Зато слышу возню и хриплое дыхание в соседнем отделе, где сидел в засаде Жека. Хм, а паренек-то непрост оказался. У них там, по ходу, свои разборки начались.
— Жека! — испуганно как-то, что девчонка, взвизгнул пулеметчик. Ну совсем не тем голосом, которым обещал на очках сгноить неверного.
Ух-ух! Жвын-нь! — как металлический трос обрезать. И потом словно карканье простуженной вороны. Брякнуло на пол что-то тяжелое, металлическое. Пулемет?
— Козлина, ты чо творишь?!! — басом орет Левон, приближаясь. — Отпусти его! Отпусти…
Лежа на полу, я вижу только его темную макушку. Поднимается-опускается быстро, в такт стуку ботинок по полу. За меня он, похоже, забыл. Вовсе со счетов списал.
Беги, малыш, беги.
Порываясь на помощь товарищу, он сейчас выбежит на проход. Останавливаю дыхание, смотрю на мир через прорезь прицела. Но нож, выброшенный из кабинки рядом, ударяется ему в горло раньше, чем я успеваю надавить на спусковой крючок. Он обхватывает рукоять обеими руками, вытаращивая глаза, но тут же валится с ног.

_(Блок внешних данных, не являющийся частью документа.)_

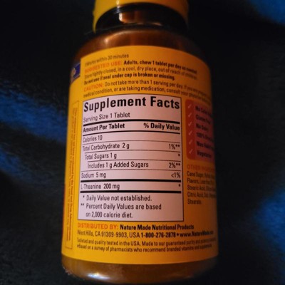 Nature Made L-Theanine 200mg chewable tablets help relax the mind without causing drowsiness for fast-acting stress relief (1). L-Theanine is an amino acid that quickly helps you manage stress in the moment. These L Theanine chewables come in a delicious tropical fruit artificial and natural flavor and have no color added, no dairy, and are gluten free, 100% drug free, and suitable for vegetarians. Adults, chew one L Theanine tablet per day as needed. Start your day with Nature Made L-Theanine supplements. (1)Works within 30 minutes. *Based on a 2022 survey of pharmacists who recommend branded vitamins and supplements. These statements have not been evaluated by the Food and Drug Administration. This product is not intended to diagnose, treat, cure or prevent any disease.CAUTION: Do not take more than 1 serving per day. If you are pregnant, nursing, have a medical condition, or are taking medication, consult your physician before use.These statements have not been evaluated by the Food and Drug Administration. This product is not intended to diagnose, treat, cure, or prevent any disease.

Тишина. Треск огня в бочке.
Я вскакиваю на ноги, встаю в проходе — приклад у плеча, под прицелом отдел бабских шмоток. Остались мы лишь двое.
Из темноты проема выходит человек с пулеметом на одном плече и автоматом на другом. Он даже не смотрит в мою сторону, будто и нет меня здесь. Небрежно ногой переворачивает Левона вверх лицом, стоит над ним какое-то время. Кажется, сейчас ширинкой вжикнет и лицо ему умоет.
Аплодирую. Смело, Жека, смело. Я ведь могу и тебя тоже, невзирая ни на какие проявления удружливости с твоей стороны. Не друг ты мне ни при каких раскладах. Воровать я у тебя пришел и не каюсь. Своровал бы, будь я с какой другой бандой, а не в составе сборной по керлингу. А тебе, милку, сиди ты вон на том диване, горлянку вскрыл бы без раздумий. Так что помог ты мне или нет, а вальнуть я тебя сейчас могу запросто. И совесть моя даже не заикнется потом — оправданий ведь такому поступку с головой хватит. Кто ж тебя-то знает? Для каких целей ты приберег меня?
— Салманы-ыч, — тихо позвал Ряба.
Делаю пару шагов назад, не сводя глаз с Жеки, вхожу в отдел светильников. Нет, не получил Рябцев счастливый билет. Лежит тягач-инициатор на полу, пустой пистолет в руке, под брюхом лужа крови. Три наискось дырки в спине — не к добру.
Опускаюсь перед ним на корточки, заглядываю в помутневшие глаза.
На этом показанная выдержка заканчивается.